Culture based genotypic tests
Currently available genotypic methods include a PCR amplification either followed by double-strand sequencing or characterization by a microarray-based system. However, it needs to be underscored that the currently commercially available PCR-microarray-based systems (e.g. Check-Points MDR CT103 and others, Check-Points, The Netherlands; Identibac AMR -ve Genotyping, Alere, Germany) for detection of ESBLs and carbapenemases are not only laborious and technically demanding, and hence can only be set-up in reference laboratories but also very importantly, these systems cannot be utilized directly on clinical samples like urine but only on pure bacteria cultured conventionally from urine or other samples. Hence despite being 'rapid' genotypic identification systems, these are heavily reliant on conventional culture and also impeded by the same delays in results.
Project Objectives
The ROUTINE project was initiated based on a gap analysis of the UTI diagnostic market. Given the performance of today’s UTI-tests, the following main objectives (test features) that would ensure ROUTINE relevance and competitive edge, were identified:
1) direct bacterial lysis from raw urine sample to minimize sample preparation time and complexity;
2) PCR instead of phenotypic testing, negating the need for culture and allowing definitive detection and characterization of resistance genes;
3) microscale PCR, speeding up the thermal cycling time significantly;
4) fluorescent, instead of colorimetric readout, being 5x faster due to obviating the need for lengthy colour generating reactions after binding of the complementary DNA strand;
5) integration of PCR and an on-cartridge array with automated sample handling, minimising hands-on time, and
6) development of a software algorithm for interpreting possible treatment options based on the presence/absence of ESBL and/or carbapenemase combinations in the infecting pathogen.
Project Results:
Main S/T results/foreground
The details of the S/T results are provided below divided into four categories: Chip, Reader, Software and Assay.
Chip
In ROUTINE It was one of the overarching aims to design an integrated chip that combines all individual components and functionalities on one integrated microfluidic cartridge sufficiently miniaturized to easily fit into a bench top reader unit.

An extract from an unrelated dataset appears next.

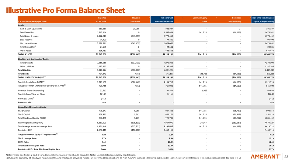 Illustrative Pro Forma Tangible Book Value Walk Equity Impact Common Shares Per Common ($000s) (000s) Share $709,761 33,563 $21.15 Amerant Tangible Common Equity at 6/30/2024 Plus: After-tax Impact of Houston Transaction: Gross Premium on Sale $13,000 Less: Estimated Transaction Charges (1,202) Total Remaining Pre-tax Adjustments 11,798 Less: Taxes (assumes 21.5%) (2,537) Equals: After-tax Equity Impact of Houston Transaction 9,261 - - Pro Forma Tangible Book Value with Houston Transaction $719,022 33,563 $21.42 ( 1) Plus: After-tax Impact of Common Equity Raise 141,715 6,925 - (2) (14,638) - - Plus: After-tax Impact of Securities Repositioning Pro Forma Tangible Book Value with Houston + Capital + Securities Repositioning $846,100 40,488 $20.90 Estimated Tangible Book Value per share Impact - $ ($0.25) Estimated Tangible Book Value per share Impact - % (1.2%) Note: Please see Slides 2 and 3 for additional information you should consider. (1) Based on offering price per share of $21.66 (based on market data as of 9/20/2024). Assumes 5.00% spread and $1 million of pre-tax offering expenses. 21 (2) $4.4 million impact of reclass of HTM to AFS securities and $10.2 million loss on sale of HTM securities.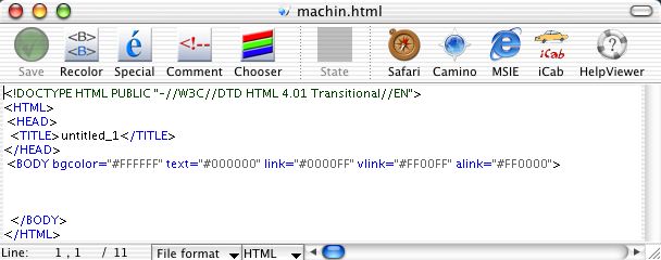 Oui oui, le TextEdit d'Apple ! Pour vous en servir comme éditeur d'HTML, il faut être en mode texte puis simplement taper du code normal. Vous ne pouvez pas enregistrer direct en HTML, il faut donc une fois la page finie ajouter depuis le Finder le .html. Mais malgré tout, je ne vois pas pourquoi on utiliserait TextEdit, vue la qualité d'autres logiciels.

Starting with an injected molded chip on microscopic slide format, the PCR reaction on chip including the mixing steps and the lyophilization of required reagents for DNA amplification was tested and successfully established (Fig. 1).
Figure 1: ROUTINE 01 design with PCR reaction chambers and Herringbone mixing structures
Then all single functionalities, reagent storage and connection interfaces were combined on one integrated chip going through several design iterations that were produced by milling in small quantities. Here, the material of choice was PMMA – a polymer that can be easily milled and surface functionalized to ensure minimal bubble creation and predictable flow rates. After several iterations between MFCS and QL (responsible for the reader unit) with different designs of valves and ports, as well as positioning of channels and blister packs, a final design was approved and released for production in MFCS main injection molding line.
Metal injection molds, capable of tens of thousands of molded parts, based on the final released design were produced. 500 chips of the final design were fabricated in Topas, a thermoplastic material with low autofluorescence and therefore suitable for PCR detection on chip (Fig. 2).
Figure 2: (left) Injection molding machine at microfluidic ChipShop, (right) Fully processed, closed ROUTINE 02 chip with blisters, turning valves and syringes. The chip measures 75x50mm, i.e. double glass slide format, which is an industry standard.
A construction drawing of the final integrated ROUTINE chip is shown in Figure 3 and includes:
• a sample intake interface
• a membrane component required for urine debris removal and bacterial up concentration prior to lysis
• mixing chambers
• four PCR reaction chambers including a negative control, a positive control and 2 sample chambers
• On-the-chip storage of additional reagents by blisters
• A waste connection interface
• and four integrated turning valves to navigate the flow
Figure 3: (left) illustrated final design of the integrated chip, (right) scheme of the final ROUTINE chip
Based on the decision for the end-point PCR detection instead of the originally planned DNA array, the optical detection zone is located in the area of the 4 PCR reaction chambers.
The final ROUTINE design was successfully evaluated using colored liquids, liquid PCR reagents and finally lyophilized (freeze dried) PCR reagents directly stored in the PCR reaction chambers.
System performance evaluation
Characterization of the various interfaces between cartridge and instrument has successfully taken place with the help of colored liquids while the instrument was still at Qlinea. Once this was finished, the final instrument was transferred to UA where the evaluation of patient samples is taking place.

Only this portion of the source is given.